The title, of whose genuineness, as we have seen, there can be no doubt, designates Nahum the Elkoshite, as the author of this prophecy (נַחוּם is an intensive form like חכוז רתוּם, and signifies compassionate, benevolent; also consolatory). Of this prophet, apart from the title, we have no trustworthy accounts. The traditions concerning his birth and ministry, which O. Strauss has compiled from Pseudo-Dorotheus, Pseudo-Epiphanius, and Isodorus Hispalensis, show, by their many contradictions, and, in part, by their fantastic character, that their inventors had no more certain sources of information than ourselves, i. e., the title with the name and place of birth, and the prophecy itself; and that they were not even in a condition to turn the latter to good account.

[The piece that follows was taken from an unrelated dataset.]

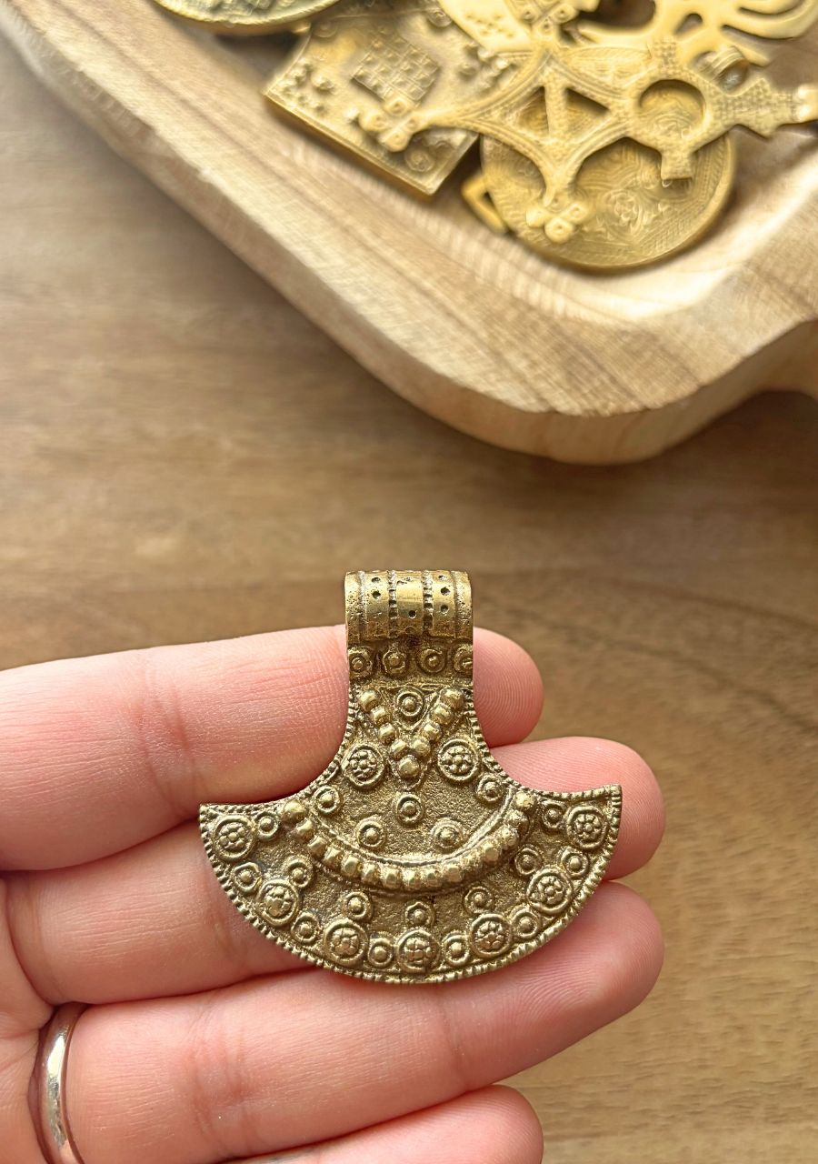 These bold ethnic brass pendants are perfect for adding an artistic and unique flair to your macrame projects, jewelry designs, and other handmade crafts. Explore our shop for more distinctive designs that complement your creations.

If we first seek to establish from the prophecy the situation (time and place) of the composition, it is evident:—

1. From the address to Judah, Nahum 2:1, that Samaria was already destroyed, and that, when he speaks of the injury to the Holy Land, only Judah appears exposed to danger. Indeed, Samaria had been destroyed long ago: it had already passed from memory. We will consequently take no notice of the statement of the Chronicon Paschale (Olymp. Nahum 3:2-4), according to which Nahum prophesied in the 8–10 year of Jotham, one hundred and forty-four years before the destruction; in the same way we will treat that of Josephus, according to which his prophecy falls in the last year of Jotham (one hundred and fifteen years, according to the reckoning of Josephus, before the catastrophe; Ant., ix. 11, 3; comp. Niebuhr, p. 117); in the same way, that of Eusebius (in Chron.), which places it in the sixth year of Hezekiah. We are shut up to a period, when Samaria had been for a long time destroyed, and Judah had already been exhausted and disheartened by the keen blows of Assyria.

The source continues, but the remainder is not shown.